V=Vmax*[S]/(Km/(1+([I]/Ki))+[S]) (1)
V=Vmax*[S]/(Km+[S])*(1+([I]/Ki)) (2)
Where the items are defined as followed: V is the reaction velocity, [S] and [I] are the concentrations of substrate and inhibitor, respectively. Km value is the substrate concentration in which the velocity reached to half of the maximum velocity (Vmax) of the reaction. Ki value is the inhibition constant.
Prediction of in vivo risk from in vitro data
The [I]/Ki value has been widely regarded as the common method to estimate the in vivo risk due to the inhibition of drug-metabolizing enzymes 18,19. When this value is more than 1, the possibility of drug-drug interaction is high.
Results
As shown in Fig. 1, bakuchiol exhibited dose-dependent inhibition towards all the tested UGT2B isoforms, including UGT2B7, UGT2B15, and UGT2B17. The inhibitory potential of three concentrations of bakuchiol towards these three UGT2B isoforms was evaluated. At 1 µM of bakuchiol, the activity of UGT2B7, 2B15, and 2B17 was inhibited by 3.5%, −3.9%, and 1.9%, respectively.
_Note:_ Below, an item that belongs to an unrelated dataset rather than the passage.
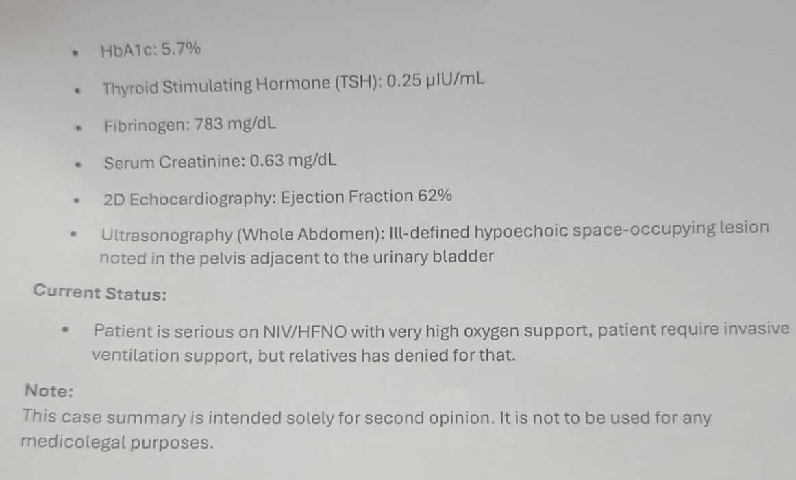 डॉक्टरों ने उनकी फेफड़ों में तरल पदार्थ का जमाव पाया, जिससे एक गंभीर संक्रमण हो गया। उन्होंने हमें उन्हें कोकिलाबेन धीरुभाई अंबानी अस्पताल (मुंबई) या मेडांता अस्पताल (गुरुग्राम) में उन्नत उपचार और संभावित लंग ट्रांसप्लांट के लिए भेजने की सलाह दी है।

At 10 µM of bakuchiol, the activity of UGT2B7, 2B15, and 2B17 was inhibited by 26.3%, −7.8%, and 10.0%. The activity of UGT2B7, 2B15 and 2B17 was inhibited by 89.4%, 58.3%, and 6.7% at 100 µM of bakuchiol.
Fig. 1.
Initial screening of bakuchiol's inhibition towards UGT2B isoforms. Three concentrations (1, 10, 100 µM) were selected. The experiments were performed in duplicate, and the data were given as mean.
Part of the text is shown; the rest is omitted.